The DevSecOps tools are especially useful for software teams. A developer can provide package names and versions, then receive vulnerability findings and upgrade recommendations.
Security teams can also use the project during incident response. For example, an analyst can ask Claude to investigate an IP address, review its reputation, check scanning activity, and summarize whether blocking is justified.
Security and privacy design
The project says all traffic uses outbound HTTPS and no inbound ports are opened. API keys are loaded from environment variables and are not logged.
The repository also says private and internal IP addresses are blocked from lookup tools. That helps reduce the risk of accidental internal network exposure through external enrichment services.
Even with those safeguards, teams should test the tool in a controlled environment before using it in production. MCP tools can connect AI agents to real systems, so organizations should review permissions, logs, API keys, and allowed actions carefully.
What teams should consider before using it
- Run the server in a restricted environment first.
- Use least-privilege API keys for external services.
- Do not expose sensitive internal IPs, hostnames, or incident data without policy review.
- Log tool calls for audit and troubleshooting.
- Validate risk-score outputs against existing vulnerability management rules.
- Keep human approval in the patching workflow.
- Review MCP server code before connecting it to production security tooling.
The biggest value is speed and correlation. The biggest risk is over-trusting automated conclusions. Security teams should treat the output as an analyst-assist layer, not a final decision engine.
Used carefully, CVE MCP Server could help small teams triage more vulnerabilities with less manual tab-switching.

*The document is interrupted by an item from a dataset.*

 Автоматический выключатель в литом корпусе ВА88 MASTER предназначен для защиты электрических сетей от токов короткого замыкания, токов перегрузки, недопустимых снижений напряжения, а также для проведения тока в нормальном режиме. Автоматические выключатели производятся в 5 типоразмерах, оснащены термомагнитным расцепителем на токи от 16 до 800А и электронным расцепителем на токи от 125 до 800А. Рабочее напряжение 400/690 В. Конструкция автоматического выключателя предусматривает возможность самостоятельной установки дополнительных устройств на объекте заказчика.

Larger teams may find value in using it as a front end for repeatable enrichment and reporting.
FAQ
CVE MCP Server is an open-source Model Context Protocol server that connects Claude to security intelligence tools for CVE triage, threat intelligence, network checks, and dependency scanning.
The project includes 27 MCP tools across 21 data sources and APIs.

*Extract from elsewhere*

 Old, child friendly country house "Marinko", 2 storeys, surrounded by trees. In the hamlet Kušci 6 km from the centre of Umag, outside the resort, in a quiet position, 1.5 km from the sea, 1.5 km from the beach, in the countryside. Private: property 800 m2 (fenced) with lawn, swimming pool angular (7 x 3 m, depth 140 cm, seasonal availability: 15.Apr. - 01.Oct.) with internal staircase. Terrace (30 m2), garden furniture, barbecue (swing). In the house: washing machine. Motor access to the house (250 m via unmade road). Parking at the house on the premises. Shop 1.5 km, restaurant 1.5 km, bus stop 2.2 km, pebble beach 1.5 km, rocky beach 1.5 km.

Some tools work without API keys, including EPSS, CISA KEV, OSV.dev, MITRE ATT&CK, CWE lookup, CVSS parsing, Ransomwhere, and reduced-rate NVD lookup. Other services need keys for full functionality.
The score combines CVSS severity, EPSS exploitation probability, CISA KEV status, and proof-of-concept availability. It also applies boost multipliers for higher-risk combinations.